A solution of 2-methyl-quinazoline (10.09 g, 0.07 mol) in absolute ethyl ether (100 ml) was added dropwise with stirring to a solution of phenyllithium [obtained by a standard method starting from freshly distilled bromobenzene (15.70 g, 0.1 mol), absolute ethyl ether (0.5 L) and lithium (2.80 g, 0.4 mol)]. The reaction mixture was stirred at room temperature for additional 2 h and the reaction was quenched by addition of water (0.5 L).
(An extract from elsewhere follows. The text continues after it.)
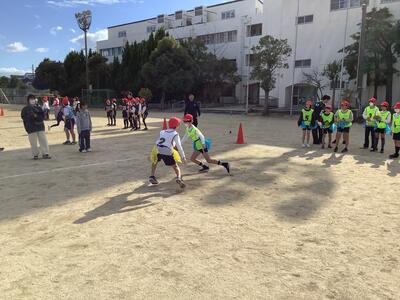 潮見小学校5年生に浜風小学校まで来ていただき、浜風小学校の5年生とスポーツ交流会を行いました。フラッグフットボール協会や大学のアメリカンフットボール部のお兄さんお姉さんに教えていただきながら、フラッグフットにつながるいろいろなゲームを楽しみました。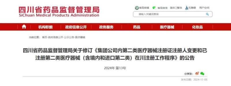 近日,四川省药监局发布了新版《集团公司内第二类医疗器械注册证注册人变更和已注册第二类医疗器械(含境内和进口第二类)在川注册工作程序》,具体内容如下:

The organic layer was combined with the ether extracts of the water layer, dried (K₂CO₃) and evaporated to dryness. The crude solid product was recrystallized from ethanol to give white crystals (51%) melting at 168–170 °C [lit. mp 168–170 °C (Suri et al., 1993)]. ¹H NMR (CDCl₃): δ (p.p.m.) = 7.26–7.34 (m, 5H, H12—H16), 7.13 (dd, 1H, H7), 7.02 (d, 1H, H8), 6.90 (dd, 1H, H6), 6.71 (d, 1H, H5), 5.67 (s, 1H, H4), 2.02 (s, 3H, CH3). ¹³C NMR (CDCl₃): δ (p.p.m.) = 153.9 (C2), 145.3 (C11), 140.6 (C9), 128.1 (C7), 127.8 (C14), 128.7 (C13, C15), 127.3 (C12, C16), 126.7 (C5), 124.1 (C6), 123.3 (C10), 58.1 (C4), 22.5 (C17).

Suitable single crystals for X-ray diffraction were obtained by very slow evaporation of analytical sample from NMR-tube, where CDCl₃ was used as a solvent.